Provided data:
■ ■ ■ ■
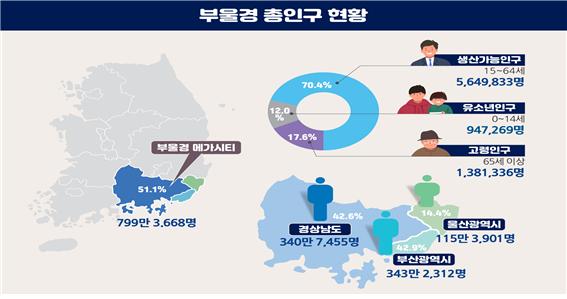2020년 기준 부·울·경의 총인구(외국인 포함)는 799만3668만 명이다. 이는 전국 인구 5297만4563명의 15.1%에 해당한다.
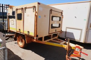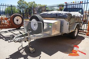 GALV, SINGLE AXLE, UNLICENSED, VIN# 6T9T27WA1E0A0S079, SPARE TYRE, 7 PIN RECTANGLE TRAILER PLUG, JOCKEY WHEEL, 50MM BALL, FRONT STORAGE BOX - CONTAINS GREEN EYELET POSSIBLE GROUND COVER- ADDITIONAL NOT FOLDED TENT SCREEN, 1x TOASTER, POLES, SIDE LPG HOLDING FRAME x2, INSTRUCTION BOOKLET, REAR COMPARTMENT FOLD OUT SINK, OZTRAIL 5 SHELF CUPBOARD, BOX OF ADDITIONAL UTENSILS ETC. (WP#4319)
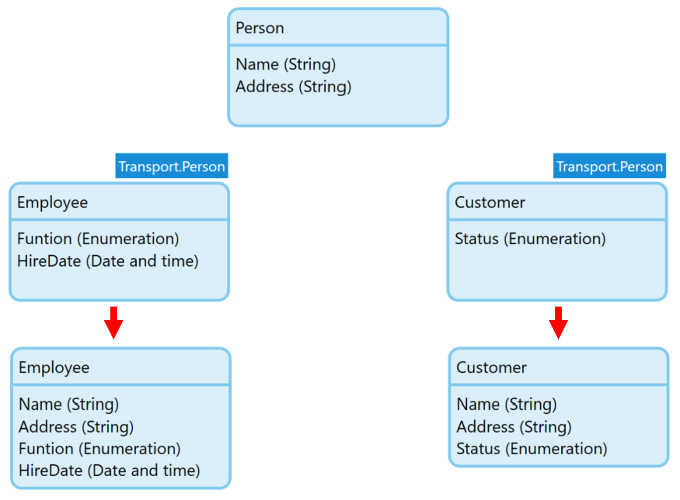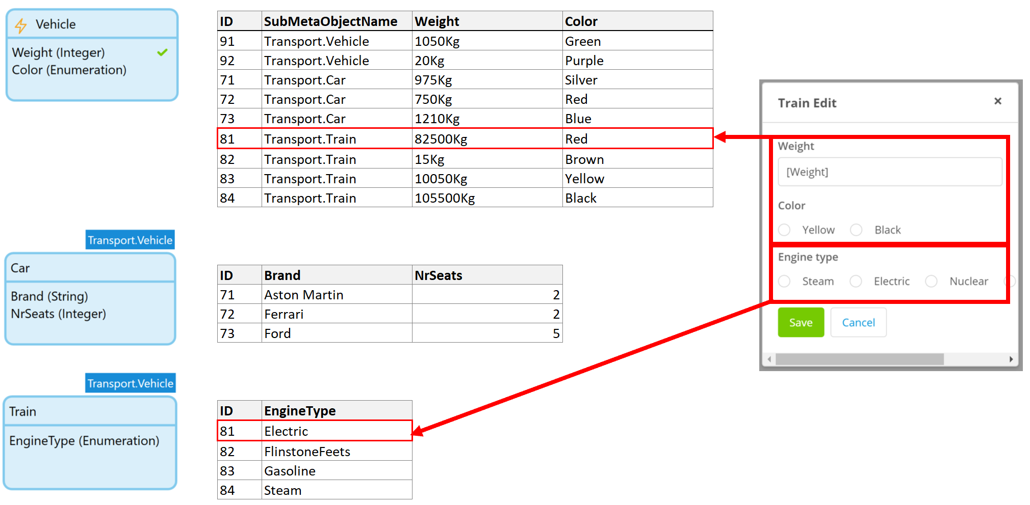 만약 Train 엔터티속 EngineType 특성에 접근하려 한다면 Train으로 캐스팅 한 후에만 액세스 가능합니다.
■ ■ ■ ■
Once the images are dropped, set down the remaining material word for word.

2020년 기준 부·울·경의 총인구(외국인 포함)는 799만3668만 명이다. 이는 전국 인구 5297만4563명의 15.1%에 해당한다.
 GALV, SINGLE AXLE, UNLICENSED, VIN# 6T9T27WA1E0A0S079, SPARE TYRE, 7 PIN RECTANGLE TRAILER PLUG, JOCKEY WHEEL, 50MM BALL, FRONT STORAGE BOX - CONTAINS GREEN EYELET POSSIBLE GROUND COVER- ADDITIONAL NOT FOLDED TENT SCREEN, 1x TOASTER, POLES, SIDE LPG HOLDING FRAME x2, INSTRUCTION BOOKLET, REAR COMPARTMENT FOLD OUT SINK, OZTRAIL 5 SHELF CUPBOARD, BOX OF ADDITIONAL UTENSILS ETC. (WP#4319)
 만약 Train 엔터티속 EngineType 특성에 접근하려 한다면 Train으로 캐스팅 한 후에만 액세스 가능합니다.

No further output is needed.